Watch, you fucking slut!
His voice is so loud as he screams at Holly. Loud, raspy, and full of such hate that my stomach rolls. A fresh wave of nausea overtakes me. Somewhere, somehow, I know I’m no longer pressed against the wood. Somehow, I know I’m curling into a ball on the floor of my parents’ entry way. Somewhere in my brain, the rational, logical part of me knows this is all just a horrific memory. A horrific memory of an event that I’ll never move pas
t, never forget, and never get over. And yet, when I smell my dad’s cologne and feel his arms around me all the logical and rationality in the world doesn’t seem to matter.
Hands touching me, clawing at my skin.
I’m here, Minds.
I love you and I’m here.
It’s Holly. She’s trying to reach out to me—to offer what little comfort she can. It makes no difference, but I don’t tell her that. Halfway through, her words take on a deep baritone and she doesn’t sound like herself, but rather more masculine. She sounds like my dad and I know, despite the fear and sickness, that it’s my dad who’s trying to hold me and provide me with some semblance of comfort.

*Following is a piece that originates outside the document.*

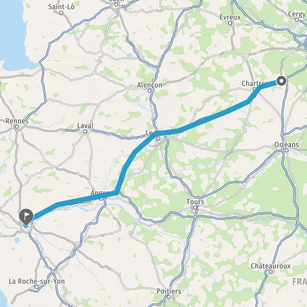 Prendre à droite et rejoindre A11 E50. Continuer sur 142 kilomètres

“It’s just Dad, baby girl,” he says. I used to find comfort in his words, but not now. Not in this moment. I can’t get my mouth to work. Every time I try to speak, a fresh wave of nausea rises in my throat that I try to force away. It doesn’t work and once I start dry heaving Dad lets me go. Every place he touched me feels slimy and disgusting like it wasn’t him at all, but rather it was them.
On hands and knees, I crawl hurriedly down the hall and into my bathroom where I kick the door shut behind me. The tile in here bruises my knees but I don’t slow down to avoid the injury. It’s nothing really, more bruises. Maybe with enough battering they’ll look as they did that day, not just in my mind but in reality as well. I shove the toilet bowl lid up and out of the way as I expel the contents of my stomach into the water.
It’s not always this bad, not anymore at least. I was getting better, stronger, and less dependent on Ian. I was finally in a place where I could watch him leave and instead of the sickening panic, I’d just cry until my eyes hurt. I don’t even try to hide the tears anymore.
“Want me to call him?” Dad asks from the other side of the closed door. Dad knows how I feel about Ian. He sees how Ian helps me work through the breakdowns which is the only reason, in my estimation, that he even allows a member of Forsaken into his house every morning.